A la mi-décembre, Mi-HANDs se préparait à engager l’étape suivante de sa campagne – la « réhabilitation initiale ». Il s’agit de s’attaquer à la reconstitution d’un cadre de vie pérenne permettant à la population de reprendre en main son propre avenir. Le trauma de la catastrophe du 8 novembre est très profond et – dans la mesure où elles existaient – les organisations sociales n’ont pas résisté à l’épreuve. L’objectif est de créer les conditions psychologiques et matérielles (maisons, moyens de subsistance…) de la reconstitution d’un tissu social actif, d’une auto-organisation des victimes. L’expérience accumulée à Mindanao peut s’avérer ici précieuse : l’organisation des victimes de désastres humanitaires et des personnes déplacées y est devenue un mouvement social au même titre que les associations paysannes ou les syndicats.
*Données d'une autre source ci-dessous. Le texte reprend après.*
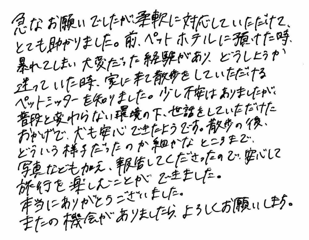 前、ペットホテルに預けた時、暴れてしまい大変だった経験があり、どうしようか迷っていた時、家に来て散歩をしていただけるペットシッターを知りました。
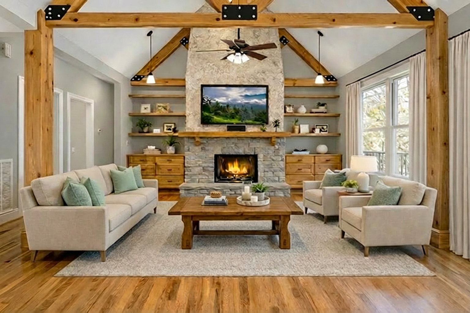 To enhance the home's livability, the original heavy furniture has been swapped for a lifestyle-neutral aesthetic. The new layout features a plush, cream-colored sectional and refined accent chairs in soft grey tones, all grounded by a textured natural-fiber rug. These pieces are strategically placed with realistic contact shadows to ensure a natural, "lived-in" appearance. The addition of a sleek, light-wood dining set and minimalist light fixtures completes the look, inviting prospective buyers to envision themselves relaxing by the stone fireplace in a space that feels both cozy and impeccably updated.

Par bien des aspects, la campagne de solidarité initiée par Mi-HANDs a posé des jalons pour l’avenir. Elle s’appuie sur une mobilisation militante et non pas sur de lourdes structures administratives. Il s’agit véritablement d’une solidarité « horizontale », populaire, entre deux régions (Mindanao et les Visayas).
Mais l’étape qui s’ouvre est difficile. Les frais logistiques sont élevés du fait des distances (les secours matériels doivent être acheminés de Mindanao ou Cebu), l’aide gouvernementale fait cruellement défaut, les autorités locales sont atones, la phase de reconstruction sera longue. Notre solidarité ne doit pas leur faire défaut.
Pierre Rousset
De nombreux articles sur la situation aux Philippines sont disponibles sur le site d’ESSF. Activez le mot clé Haiyan/Yolanda : http://www.europe-solida…
Toutes les informations sur la campagne de solidarité sont disponibles dans la rubrique : http://www.europe-solida…
Notes :
1 Les typhons (dans le Pacifique) et les ouragans (dans l’Atlantique) sont tous deux des cyclones tropicaux.
2 Selon la classification en usage aux Philippines, Haiyan/Yolanda est de classe 4, là aussi la plus élevée. Les typhons enregistrés jusqu’alors dans l’archipel ne dépassaient pas la classe 3.
3 Peu avant la catastrophe du 8 novembre, un très gros scandale de corruption et détournement de fonds a frappé les administrations chargées du développement local et de la lutte contre la pauvreté.